If he keeps the suit jacket hung up when he is in the office I don't see the harm. If he starts wearing jeans or sweatpants in there then I would be offended.


----------



## Cruiser (Jul 21, 2006)

BrassGuru said:


> If he starts wearing jeans or sweatpants in there then I would be offended.


As has been mentioned in thread in the other forum, past Presidents have done everything from practice their golf swings to play with their dogs to have sex in the Oval Office. In addition, past Presidents of both parties have not only not worn jackets in the Oval Office but they have worn casual clothing such as President Ford is wearing in this picture that I posted in the other thread.

https://img159.imageshack.us/my.php?image=a305909anp0.jpg

I didn't vote for Obama but that doesn't keep me from recognizing this criticism of his Oval Office attire as being nothing more than the same political crap from the right that the left threw at Bush when he was in office. Of course the exceptions to this are the clothing hobbyists who aren't likely to be satisfied with anything short of a bespoke three piece suit and tie regardless of political party. :icon_smile_big:

Cruiser


----------



## Relayer (Nov 9, 2005)

jackmccullough said:


> By the same token, I can't imagine any work he needs to do in the Oval Office that will be materially advanced by wearing a jacket.


By that token, there's nothing that can't be done in the Oval office wearing shorts, a t-shirt, and sandals, but, as you might expect, I wouldn't prefer that either. That could be standard attire at some time in the future, too.

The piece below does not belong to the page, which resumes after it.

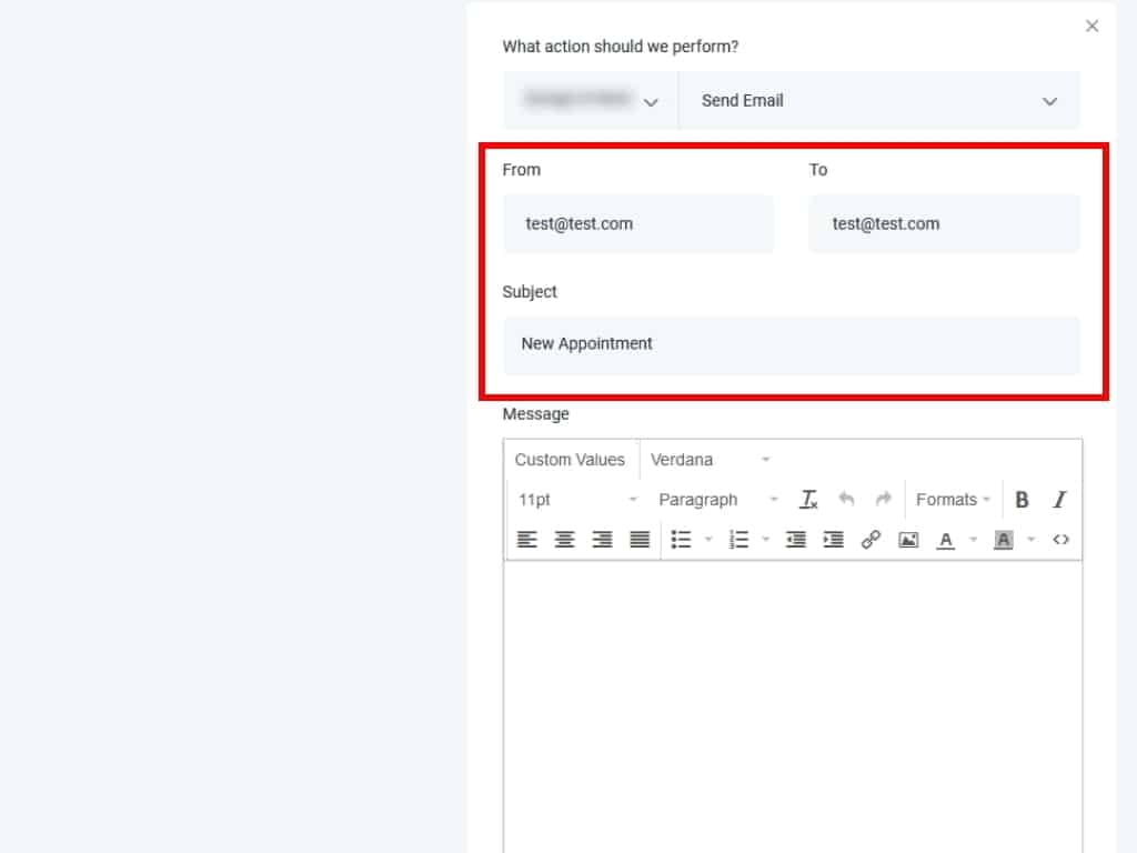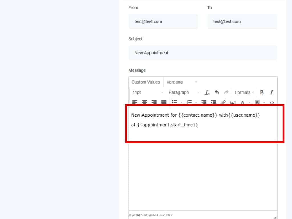 To write the text of the message, you can combine normal text and custom values, such as contact full name and appointment start date.

It's all a matter of appropriate attire. The occupant, of course, determines what he (or she) thinks appropriate.


----------



## David V (Sep 19, 2005)

This is not an Oval Office "Rule".


----------



## eagle2250 (Mar 24, 2006)

Cruiser said:


> As has been mentioned in thread in the other forum, past Presidents have done everything from practice their golf swings to play with their dogs to have sex in the Oval Office. In addition, past Presidents of both parties have not only not worn jackets in the Oval Office but they have worn casual clothing such as President Ford is wearing in this picture that I posted in the other thread.
> 
> https://img159.imageshack.us/my.php?image=a305909anp0.jpg
> 
> ...


Spot-on and very well put, old man (generically speaking, of course)!


----------



## Xhine23 (Jan 17, 2008)

The “jacket at all times to respect the dignity of the Oval Office” was apparently one of Ronald Reagan’s rules that Bush adopted in the post-Clinton era to “set the right tone.” As symbolism goes, it’s not bad. It’s similar to the football coach who requires that players keep their helmets on, even while standing on the sidelines, to “keep their heads in the game.”

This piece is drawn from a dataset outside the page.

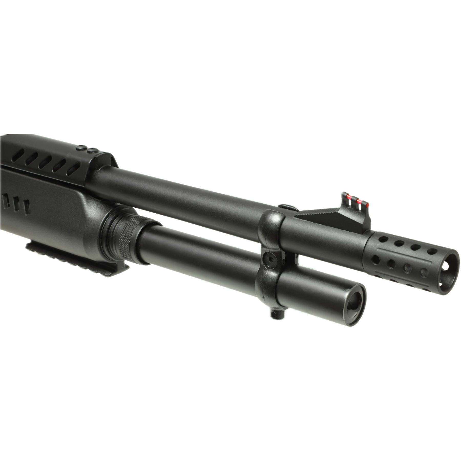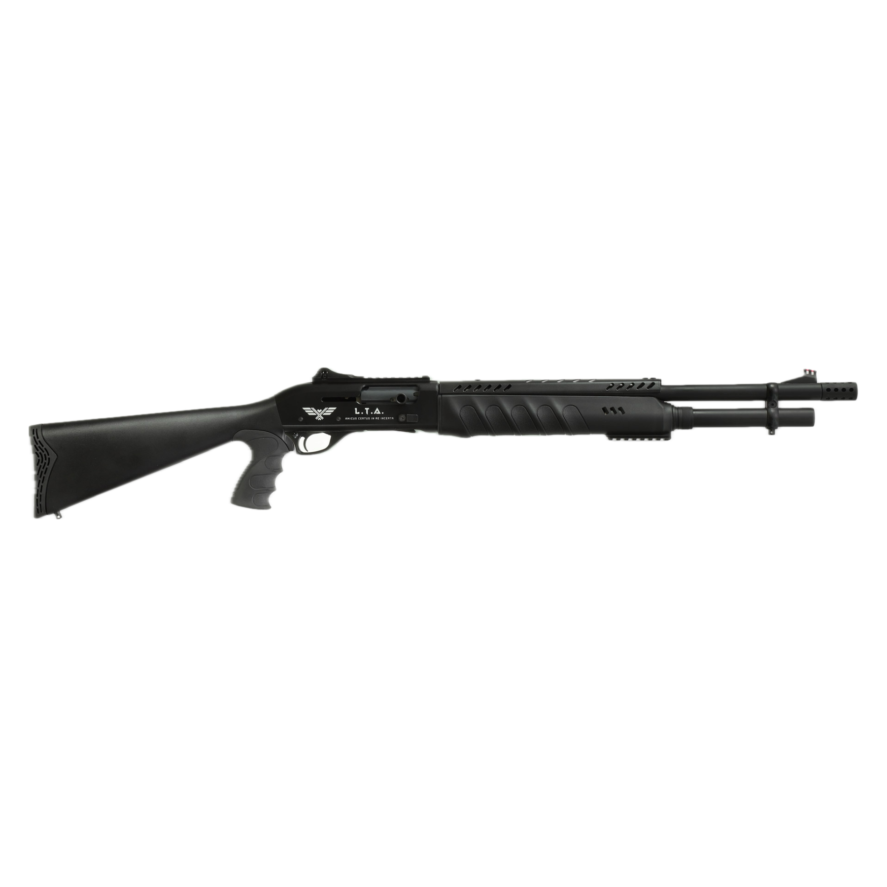 Λειτουργεί με σύστημα αερίων για ομαλή επαναγέμιση και μειωμένη ανάκρουση, ενώ το συνθετικό κοντάκι με πιστολοειδή λαβή προσφέρει βελτιωμένο έλεγχο και εργονομία. Τα σκοπευτικά Ghost Ring με οπτική ίνα επιτρέπουν γρήγορη και ακριβή στόχευση, ενώ η ράγα Picatinny στη βάση και στην πάπια δίνει πλήρη ευελιξία για τοποθέτηση οπτικών και αξεσουάρ.

What about respecting the constitution?


----------



## Liberty Ship (Jan 26, 2006)

WASHINGTON - The capital flew into a bit of a tizzy when, on his first full day in the White House, President Obama was photographed in the Oval Office without his suit jacket. There was, however, a logical explanation: Mr. Obama, who hates the cold, had cranked up the thermostat.

"He's from Hawaii, O.K.?" said Mr. Obama's senior adviser, David Axelrod, who occupies the small but strategically located office next door to his boss. "He likes it warm. You could grow orchids in there."

https://www.nytimes.com/2009/01/29/us/politics/29whitehouse.html?hp

I don't know where to begin....

Flip-flops by August. But in the meantime, let's ALL crank up our thermostats to green house temps.

Most people don't understand that the Oval Office is not where the president works, he has a private study with a kitchen, etc. The Oval Office is where he meets people.


----------



## Miket61 (Mar 1, 2008)

David V said:


> This is not an Oval Office "Rule".


Because there are none. It's a room with no sacred traditions that supercede its current occupant. Unless one includes the changing of the rug - each First Lady designs a rug for the room with the presidential Seal in the center.


----------



## MichaelS (Nov 14, 2005)

BrassGuru said:


> If he keeps the suit jacket hung up when he is in the office I don't see the harm. If he starts wearing jeans or sweatpants in there then I would be offended.


Mmmm, purple velour sweat-suits!


----------



## Khnelben (Feb 18, 2005)

*C'mon guys*

Medvedev likes Apple , has an iPhone (well, maybe not now since he is the President but had one anyway)

he also wore a hacking jacket with arm patches when at the United Russia Rally.

They have to work - and of course you may argue - no work clothes = no work.

See where the casual wear got us at Wall Street BUT Bush wore suits at that very same time.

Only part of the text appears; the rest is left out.